So I've been struggling with this problem for a while so I would appreciate it if somebody helped me out with this.

I'm trying to create a physical robot that solves a puzzle. The image of the completed puzzle will be provided along with a picture of scattered pieces

I've gotten opencv to find contours and single out each piece and rotate them so they are all parallel to the horizontal axes (all "diamond" or "diagonal" pieces are rotated so they look like squares)

I've been using SIFT to match a bunch of small square pieces to the complete picture.

Comparing an un-rotated square piece to the full picture

The problem is this is not in the correct orientation. How would I go about finding out whether I need to rotate 90, 180, 270 degrees?

Another problem I have is to determine which quadrant (non-adrant?) the piece is in.
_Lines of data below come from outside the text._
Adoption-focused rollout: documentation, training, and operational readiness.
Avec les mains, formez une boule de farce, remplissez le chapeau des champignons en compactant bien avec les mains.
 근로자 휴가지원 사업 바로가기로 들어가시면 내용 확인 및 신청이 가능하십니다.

For example, this piece belongs to the bottom right corner. Is there a function that identifies the majority of similar keypoints and then classify into one of the nine regions?
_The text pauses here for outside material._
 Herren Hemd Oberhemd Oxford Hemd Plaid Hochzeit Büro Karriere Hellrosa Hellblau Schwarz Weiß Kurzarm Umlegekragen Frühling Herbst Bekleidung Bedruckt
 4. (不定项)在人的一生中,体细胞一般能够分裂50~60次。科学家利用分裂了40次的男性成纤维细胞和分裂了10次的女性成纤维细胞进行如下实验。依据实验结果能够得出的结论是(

Since SIFT are designed to be rotation-invariant, it is a good thing that the feature matches even though you have a rotation.
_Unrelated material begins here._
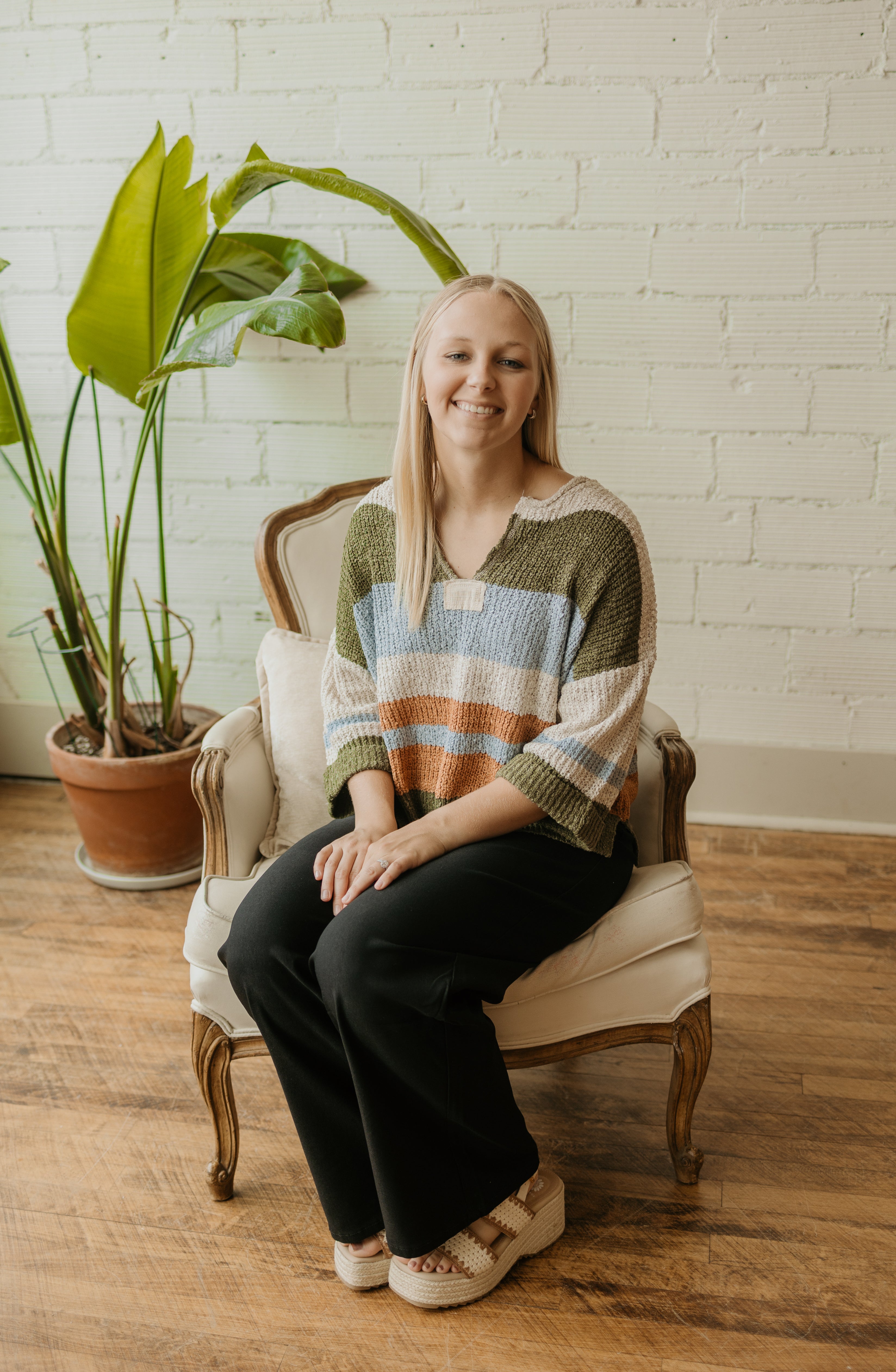 This stripe-textured sweater top brings playful charm with its notched neckline and eye-catching front patch detail. The rolled 3/4 sleeves add a casual twist, while the two side slits and slightly cropped, boxy fit keep it effortlessly cool and comfy. Perfect for layering or wearing on its own, it’s a fun staple to brighten up your wardrobe.

To determine how much rotation you need, you generally need to have your camera calibration parameter in order to unproject the picture into a view that is top-down. For your robot, it looks like the pictures are already top-down.

If this assumption holds, you can perform a regression to figure out what angle you need to rotate your piece. If you also know that your pieces are always square, you only have 4 choices to choose from. In that case, you can try all 4 and see which one is "closest" to your extracted patch (matched via SIFT to the big picture).

Determining the quadrant the matched piece is in can be done by looking at the coordinates of the matched points. Their distance to the corners should be what you need.